I have to map an area with more than 200 m difference in elevation. I know I have to perform multiple flights over sections with somehow constant elevations and then merge all projects together.
I also know that there needs to be high overlap between each flight and at least 3 common GCPs in the overlapping areas.
If I mark each GCP in sufficient number of images (about 10 images) in each flight, when I merge them together in the end, each point will be marked in more than 20 images and I think it adds to my geolocation error instead of correcting it.
How I can find an optimum number of images that I have to mark, so each flight is georeferenced correctly but there are not too many for when I merge the project that it reduces my accuracy?
Thanks in advance.
Also, is there any suggestions for how many flights I should perform with this much of elevation change? one flight every 10m, 20m ?

Hi Raffaele,

First of all, we need to distinguish between relative and absolute accuracy (both valid for Pix4Dmapper):

  1. Relative accuracy: quantified by comparing individual features on the 3D model and the same features measured in the field (reality). For example, if a 3D model of a building shows windows two meters apart, and this is the same distance as on the actual building, the model has high relative accuracy. This can be improved locally (especially in areas with lower overlap or difficult image content) with the help of Manual Tie Points (MTPs). An MTP is a 3D point corresponding to a keypoint that is marked (clicked) by the user in the images. They are used for assessing and improving the relative accuracy.
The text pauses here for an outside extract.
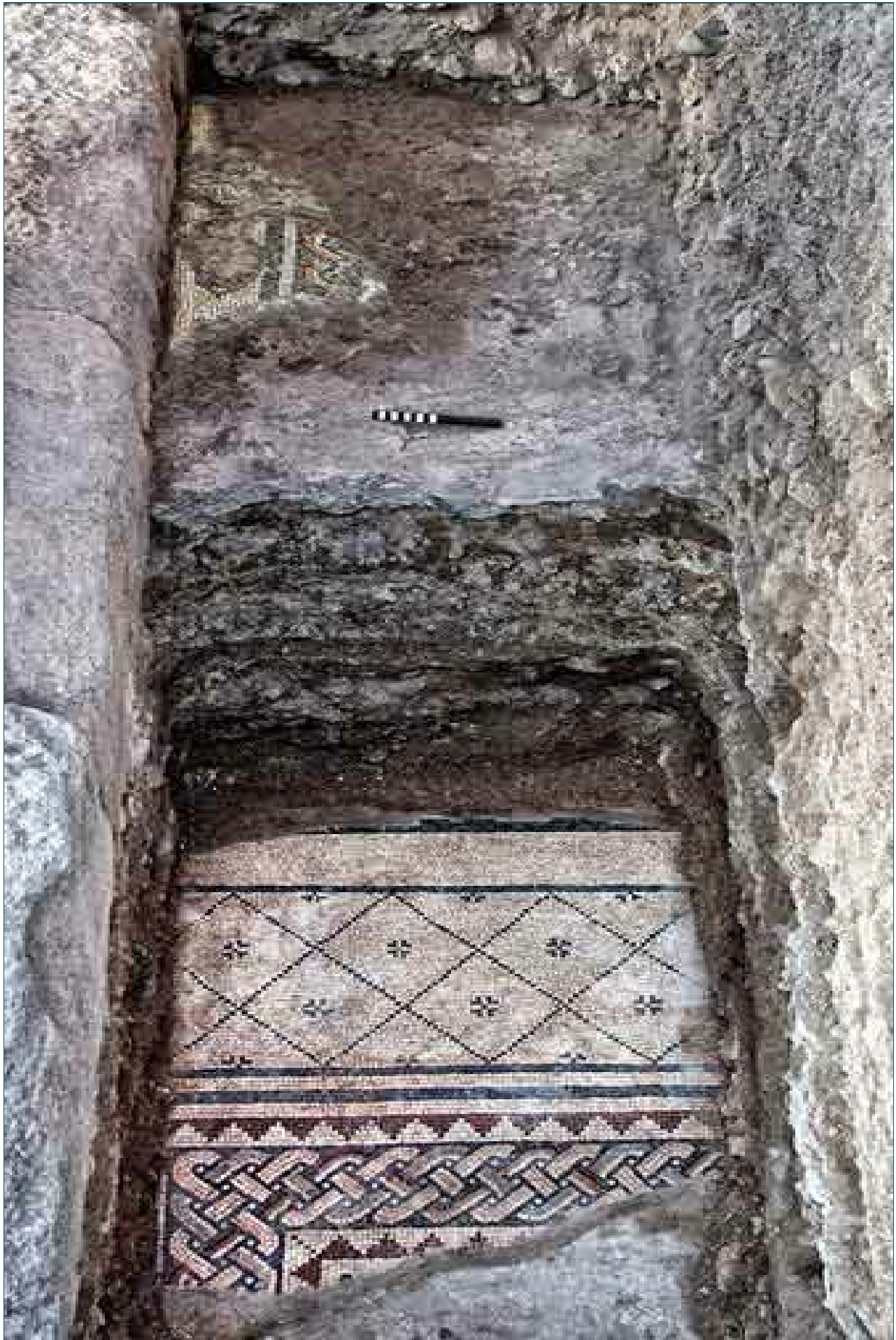
5. שטח 3000, קטע מרצפת פסיפס בסטרה המזרחית בבית הכנסת מהתקופה הרומית המאוחרת (למטה) וקטע מרצפת פסיפס מימי הביניים (למעלה), מבט לדרום.

  2. Absolute accuracy: defined as the difference between the location of features on the 3D model and their true position on the Earth. For instance, if the same 3D model of the building is not in the correct place on the map, it has low absolute accuracy, even if it has high relative accuracy. The absolute accuracy can be improved by using accurate geotags (RTK/PPK) or by applying a georeferencing process (GCPs).

In your case, you need to mark MTPs (not GCPs) in the common seams of your subprojects. Please read our extensive article dedicated to merging: How to merge projects.

You can also add GCPs to position your 3D model on Earth, but this should be performed in the final merged project. This way, you ensure that the georeferencing is global and consistent. The number of GCPs is based on a rule of thumb (arbitrary choice) and on the sigmoid curve of optimization (if adding more and more GCPs only yields minor improvements in accuracy, then you should use the amount of GCPs that showed the most significant decrease in error).

When marking GCPs or MTPs in the images, I would recommend marking them in all the images where they appear (this can be cumbersome though).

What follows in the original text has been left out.